A drawing of Charlotte Lennox

In her 1989 introduction to the Oxford University Press edition of The Female Quixote, Doody proposed that, with its bookish heroine who believes women’s lives and loves should play out as they do in epic novels (the character’s sole experience of life is through reading), Lennox’s word influenced Austen when she created Northanger Abbey.

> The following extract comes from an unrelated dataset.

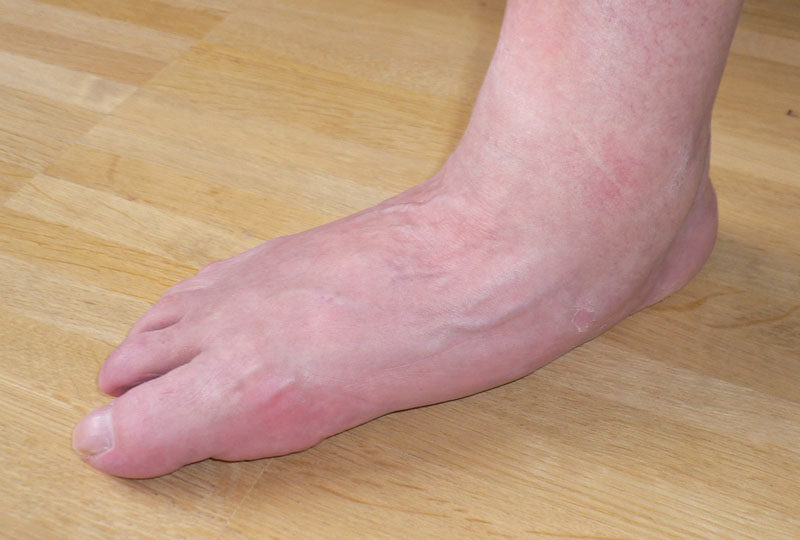 Ein Spitzfuß (Pes equinus) kann sowohl durch eine Verkürzung von Achillessehne, M. gastrocnemius und M. soleus, aber auch durch ein mechanisches Extensionshindernis im oberen Sprunggelenk bedingt sein. Folge der Spitzfußstellung ist eine deutliche Druckumverteilung mit Mehrbelastung des Vorfußes. Typisches Merkmal des Hohlfußes (Pes cavus) (Abb. 2b), welcher oft mit einer Rückfußvarusstellung kombiniert ist, ist ein pathologisch überhöhtes Fußlängsgewölbe. Er ist meist Folge neuro-muskulärer Grunderkrankungen.

I’m now several chapters into Lennox’s work and already the inspiration is very apparent; whilst Northanger Abbey speaks of Ann Radcliffe, Frances Burney, and Eliza Parsons (whose referenced works were first thought, in the context of Austen’s book, to not be real) there are a huge number of similarities between it and Lennox’s work.

It’s interesting that the book that was perhaps the biggest influence was not named by Austen in her novel1; perhaps the older work, successful during its time (and Lennox is now seen in academia as incredibly important2), wasn’t popular enough later on for her to feel a commentary was worth it. (‘Moderately popular’ has been proposed as the level of Lennox’s fame in the 1800s (Wikipedia, n.d.); the book is pretty obscure today but slowly gaining in popularity again.) It’s also possible, if we consider the subject of plagiarism that is so commented on today, that Austen was aware just how similar her work was, that she was parodying a book that is itself a parody, and, to use a modern phrase, didn’t want to go there. However, considering the way she is very open, through the character of Catherine Morland, that her book owes a lot to the Gothic fiction of decades past, that second possibility isn’t nearly as compelling.

I think we’d better have a list of the comparisons I’ve noted so far:

  • Both Catherine Morland and Arabella are incredibly bookish.
  • Both read books that are real works of literature.
  • Both get their ideas of romance and what they should expect from that literature.
  • Both expect the world to align somewhat to that literature (though Arabella expects far more).
  • Both books are comedic.
  • Both books break the fourth wall between author and reader.

The characters’ choices of reading material differ slightly – Catherine reads Gothic romance from the 1700s, and Arabella reads epic romances from 1600s. (Arabella’s favourites include the longest work of literature published by a mainstream publisher, Artamene Ou Le Grand Cyrus by Madeleine de Scudery – 13,000 pages. No wonder the hero of the book is shocked when he agrees to read her favourites and Arabella’s servant arrives with them!)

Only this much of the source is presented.